What if you could be vaccinated against all types of the flu forever?
Researchers are stepping up the search for a vaccine that would provide immunity to all strains of the influenza virus. Current vaccines only target the parts of a virus that vary from strain to strain, and must be updated every year.
The current vaccines are effective, reducing the number of hospitalizations as a result of flu infections each year. But they don’t guarantee that a vaccinated person won’t get the flu. That has made flu vaccines a tough sell for public health officials. Roughly 60 percent of people in the United States are expected to get a flu shot this year.
So Why No Universal Vaccine?
Research funded by the National Institutes of Health, published today in the journal Science Translational Medicine, explains why researchers haven’t yet been able to develop a broad-spectrum vaccine that would throttle most strains of influenza.
The parts of a given flu strain’s viral structure that it shares with nearly all other strains lie on the stalk of the virus. A universal vaccine would have to stimulate an immune system attack on that area. But these targets, or epitopes, are especially good at avoiding an attack. They’re hard to reach and are only susceptible to a rare type of antibody, according to the paper. The immune system also weeds out the cells that make those antibodies because they tend to attack a wider range of perceived threats, making them more likely to accidentally attack healthy tissues.
“There’s the head approach and the stem approach, and both have advantages,” said Ted M. Ross, Ph.D., an infectious disease expert at the University of Georgia who is researching better “head” vaccines.
But scientists aren’t ready to throw in the towel on a vaccine targeting the stalk.
“What we’re trying to explain is how to overcome this. You need to know why these epitopes aren’t targeted first in order to design vaccines that will target them,” said study author Patrick Wilson, Ph.D., an associate professor in the department of medicine at the University of Chicago.
Learning From a Pandemic
Efforts to boost immunity to targets on the stalk of the flu virus gained urgency after the 2009 H1N1 “swine flu” pandemic.
The 2009 strain was very different from those that had come before. To attack it, human immune systems dug deep to find a bit of the virus that they’d seen before. They unleashed antibodies that went after those familiar targets on the virus’ stalk.
The response, though unusual, seemed to be quite effective: The new strain was nearly eradicated. It’s not clear that the specifics of the human immune response can take credit for its destruction, but the event certainly got researchers’ attention.
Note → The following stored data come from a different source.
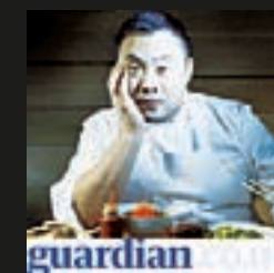
THE GUARDIAN NOVEMBER 2010
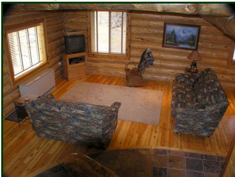
Open Living Area – Pine & Tile Floors Throughout 1 st Level
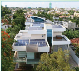
Residential Slab, Kirulapona
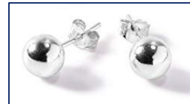
Plain Silver Studs no bigger than 6mm
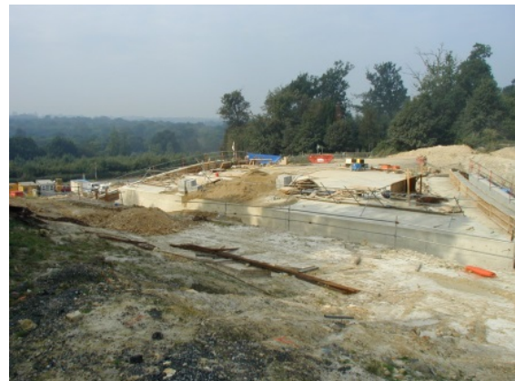
Photographs taking during the construction phase of the A21 landbridge
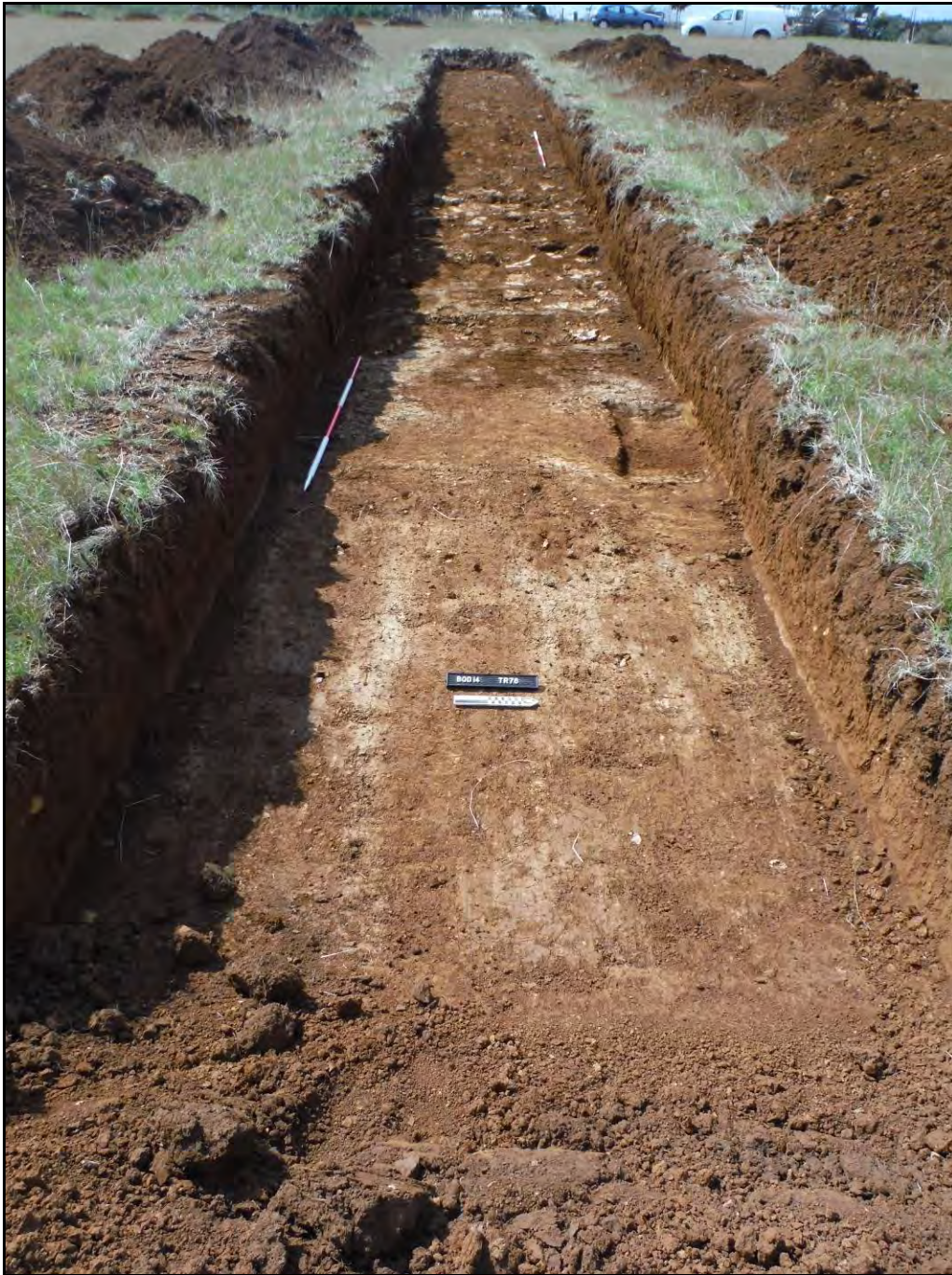
Figure. 108- W-facing view of Trench 67 (Scale- 2 x 2m)

The question now is, can we trigger equally effective responses with a vaccine?
Perhaps. But the new study shows that the body attacks broad targets only the first time it sees a new virus. After that, it goes back to a narrower defense.
That means that a person who has been exposed to more variants of the flu virus — including the bits of inactive virus that come in a flu shot — is less likely to mount a broad attack on the latest strain of virus.
That’s the study’s most startling finding. The more an individual has had the flu, the less effective a broad-spectrum vaccine may be.
“So even if we came up with a good stalk vaccine it may not work in humans,” Ross said. “It’s different if you talk about children, who don’t have a lot of immune memory, if you started them off with stalk antibodies.”
But because a universal vaccine would bring enormous benefits, scientists want to keep trying to overcoming the hurdles laid out in the new paper.
“I think that a designed vaccine that would target these epitomes in a dominant way could overcome these issues,” Wilson said.
Early work developing vaccines that would target a broader spectrum of viruses is already under way.
“That’s kind of where we’re at, “Wilson said. “They’re doing what needs to be done.”